The final approach that I'll show is using a clipping region to remove the triangle at the center of the shape from the enabled drawing region.

``````// Technique 5: remove the inner hole using a clipping region
CGContextSaveGState(context);
CGContextMoveToPoint(context, Ex, Ey);
CGContextClosePath(context);
CGContextEOClip(context);
CGContextMoveToPoint(context, Ax, Ay);
CGContextSetRGBFillColor(context, 0, 0, 0.5, 1);
CGContextFillPath(context);
CGContextRestoreGState(context);``````

You can see that this approach is actually quite complicated since a clipping region with a hole requires the same effort as a shape with a hole: I subtracted the triangle from the clipping region's bounding rectangle using an even-odd clipping rule.

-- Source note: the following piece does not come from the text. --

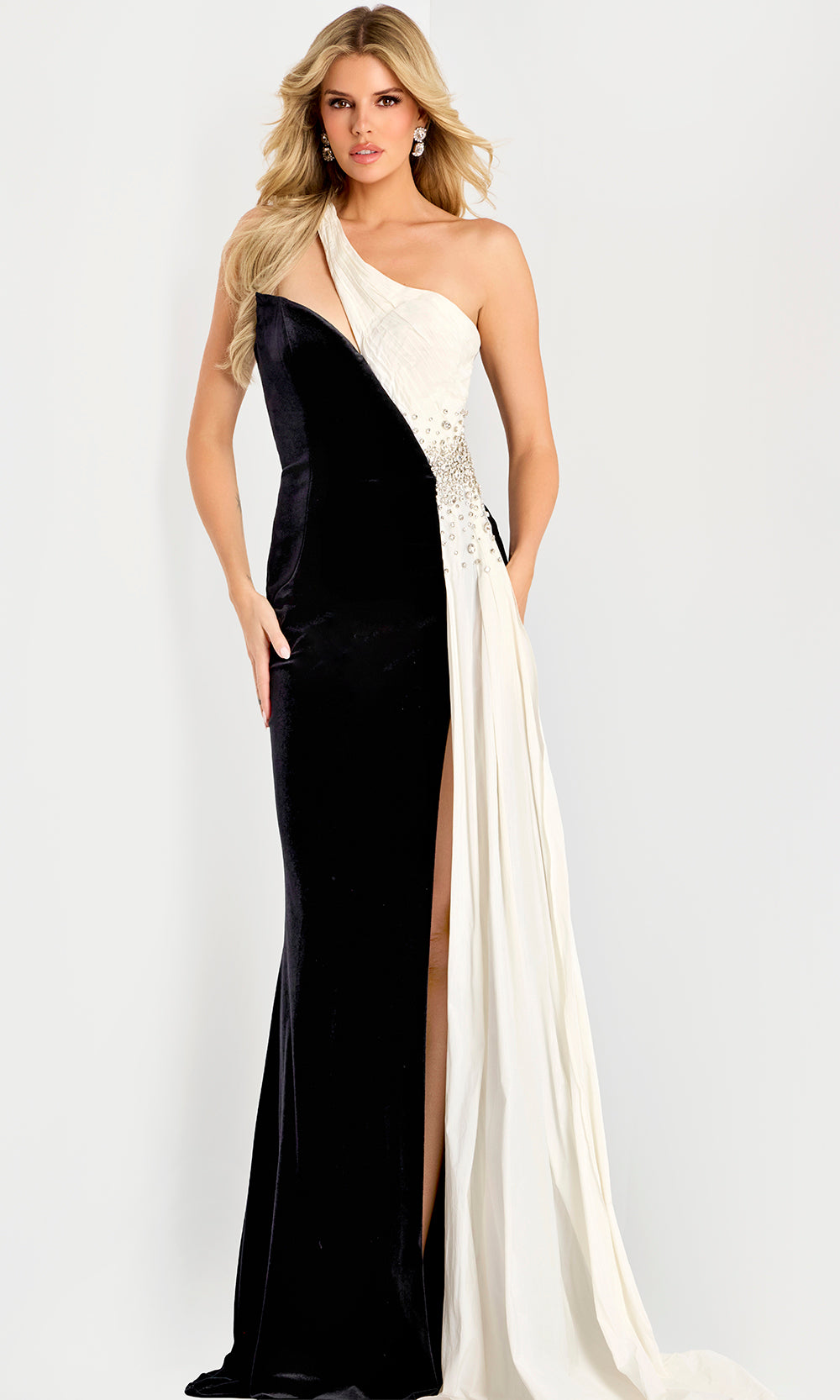 Jovani 42140 reimagines evening glamour with bold contrast and confident energy. A sleeveless one-shoulder neckline creates a striking focal point, enhanced by beaded detailing that accentuates the side waist. A flowing drape panel cascades from the shoulder to the floor, creating dimension and movement. The daring high slit enhances the leg line, adding allure without excess. Jovani 42140 sheath gown is made to captivate at red-carpet occasions and upscale celebrations. Model is wearing Black/White color.

Advantages: a clipping region can subtract or cut very complicated shapes — even clusters of shapes — very simply.

Disadvantages: for cutting a single shape like this, the extra effort required to save the old graphics state and restore it after we're done, plus the fact that the clipping region is just as complicated as the shape itself, makes this approach more effort than the previous two.

## Conclusion

You can download the code for drawing these shapes here: GraphicalSubtraction.zip (25kB)

A very simple shape but you can draw it in some very different ways. As you can see, the "wrong" ways of solving the problem don't actually save any code — the proper solutions are roughly the same length.

The best ways to solve this problem are to use the even-odd or winding count approaches. While the shape might look like the center is clipped out, the clipping region turns out to be more work and non-rectangular clipping regions are actually more computationally difficult as well.